Both our study and Roth et. al’s found that amotivation was more strongly related to VS morphology in the right hemisphere versus the left. The reason for this laterality effect remains unclear. Evidence suggest that DA release in the right VS may be more strongly related to processing of un-expected monetary rewards⁶⁵. Moreover, functional connectivity data suggests that the left VS may be more strongly related to internally directed processes (i.e., saliency and self-control), while the right VS may be related to externally directed processes (i.e., action/attention toward behavioural contingencies)⁶⁶. Interestingly, reduced glucose metabolism in the right VS, but not the left, is predictive of increased amotivation after deep-brain stimulation of the subthalamic nucleus in Parkinson’s disease⁶⁷. Collectively, we tentatively speculate that the right VS may be more strongly related to motivated behaviour (i.e., translating reward contingencies into action). However, larger studies are needed to clarify the role of VS laterality on amotivation in healthy persons and those with neuropsychiatric diseases.

There are several limitations. First, included patients were ≥50 years of age. While our findings replicate those observed in younger patients, the generalizability of our findings may still be limited. Our assessment of motivational deficits was incomplete: only clinician rated and evaluating a single domain (i.e., social amotivation). Future studies should employ multiple measures of amotivation, including objective task measures⁷. Future studies should include matched healthy controls to fully characterize how differences in VS volume may relate to differences in motivation.
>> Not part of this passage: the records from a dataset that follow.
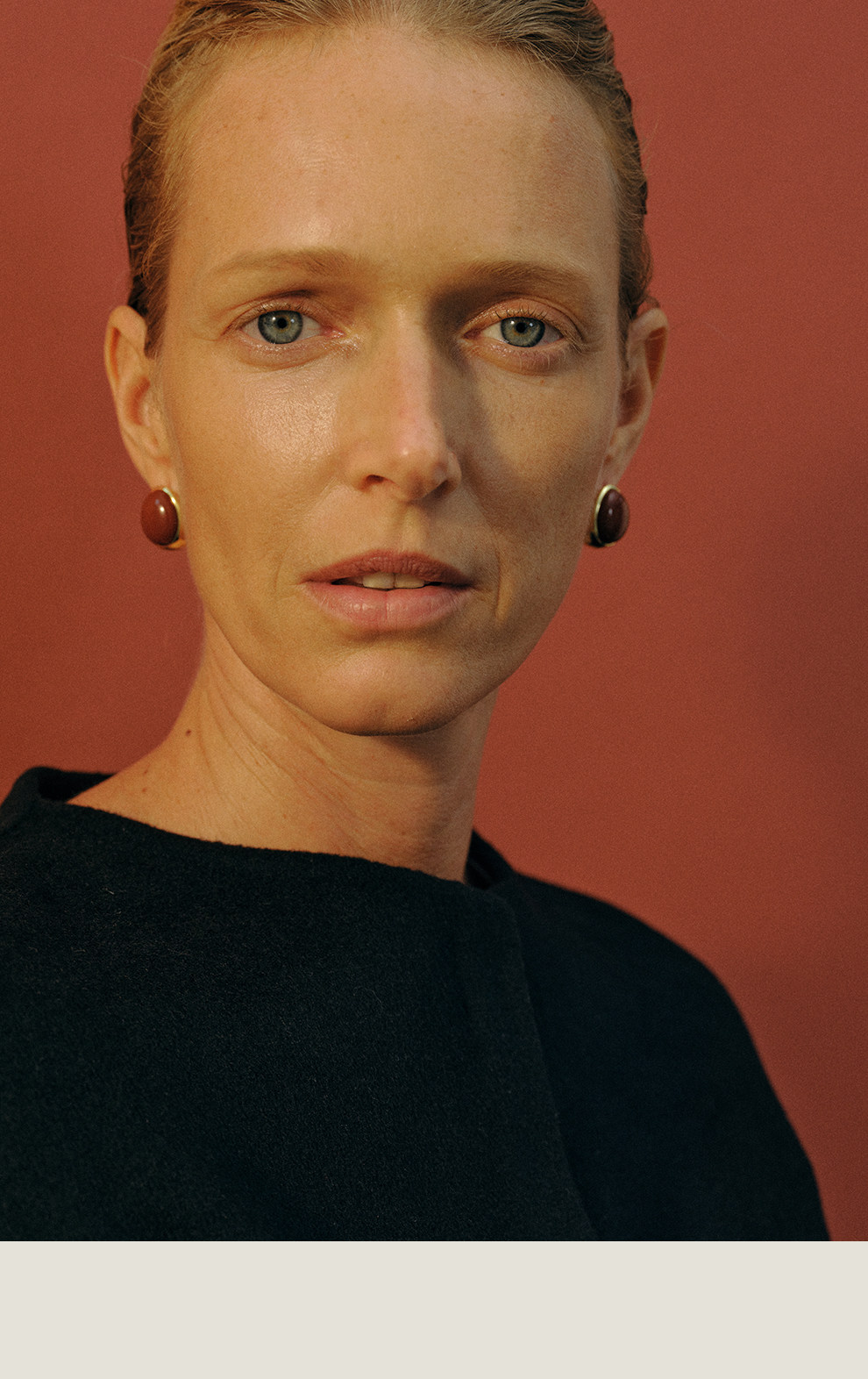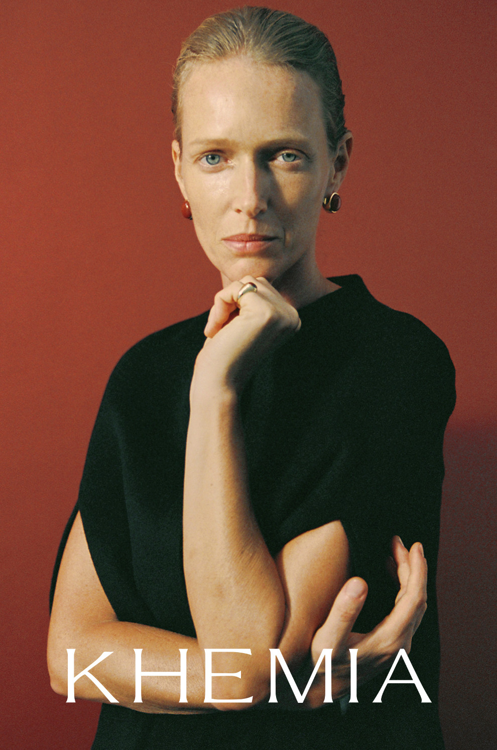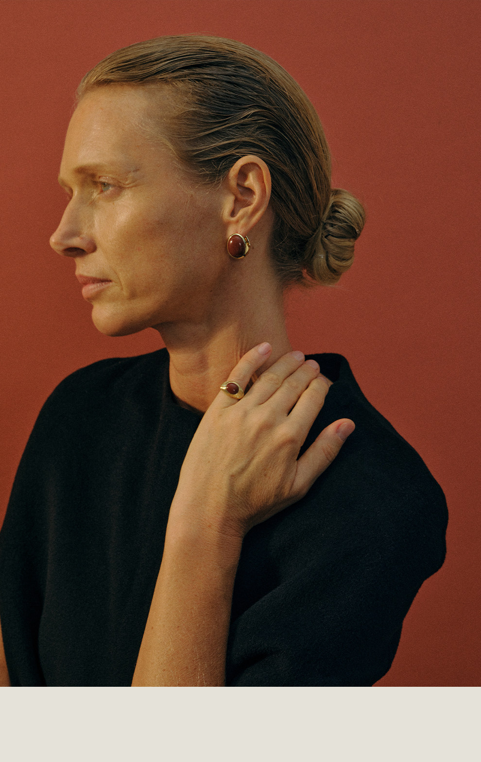 Khemia Egg-Shaped Orb Earrings, Original Niche High-End Design, Red Stone Silver Gold-Plated Elegant Earrings
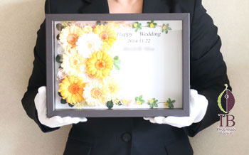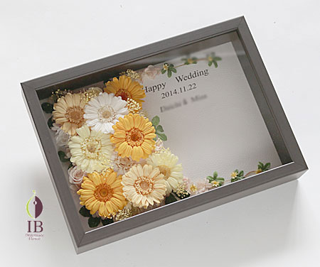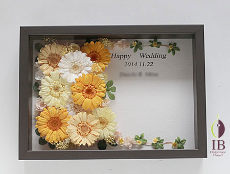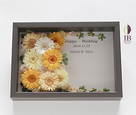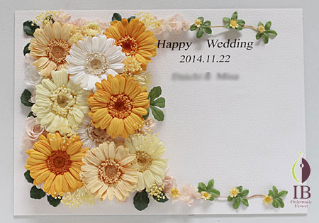 ご友人様への結婚お祝いフォトフレームです。お花は淡いイエローやオレンジ系のグラデーションのガーベラを使用いたしました。
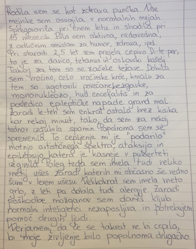 "Rodila sem se kot zdrava punčka. Vse mejnike sem osvojila v normalnih mejah. Spregovorila pri enem letu in shodila pri 15 mesecih. Bila sem aktivna, radovedna, z odličnim smislom za humor, zdrava, ipd. Pri starosti 2,5 let sem prejela cepivo Di-ter-per, to je za davico, tetanus in oslovski kašelj. Takoj za tem so se začele težave. Dobila sem vročino, celo vročinske krče, kmalu za tem so ugotovili povečane bezgavke, mononukleozo, hud encefalitis in za posledico epileptične napade grand mal. Zaradi le-teh sem enkrat ostala brez kisika kar nekaj minut, tako da sem za nekaj tednov izgubila spomin. Popolnoma sem se spremenila. To cepljenje mi je “podarilo” motnjo avtističnega spektra, ataksijo in epilepsijo, katera je kasneje v puberteti izginila. Poleg tega sem imela tudi veliko vnetij ušes, zaradi katerih mi občasno še vedno šumi v levem ušesu. Velikokrat sem imela vneto grlo, z leti pa dobila tudi alergije. Zaradi poškodbe možganov, sem danes, kljub normalni inteligenci nezaposljiva in potrebujem pomoč drugih ljudi.

Finally, while our estimate of antipsychotic D_2/3R blockade is superior to estimated chlorpromazine dose-equivalents, patients did not provide a true baseline PET scan. In the Supplementary Material, we provide our main analyses of interest using chlorpromazine equivalents instead of occupancy to allow comparison with future studies that may use this measure. Prospective longitudinal PET studies including neuroleptic naïve patients could examine the relationships between D_2/3R blockade, amotivation, and brain morphology. Finally, the variables included in our regression models were based on previous work, and were a priori. Studies with larger sample sizes and sufficient statistical power should explore whether other variables may mediate the relationship between amotivation and VS volume in schizophrenia.

Our data suggests reduced VS volumes are associated with amotivation in elderly patients with schizophrenia. This relationship was not found to be significantly related to striatal D_2/3R blockade by antipsychotics. Our findings add to a growing literature aimed at better understanding the neural correlates of amotivation in schizophrenia. These findings may help guide novel treatments for this currently unamenable, debilitating symptom.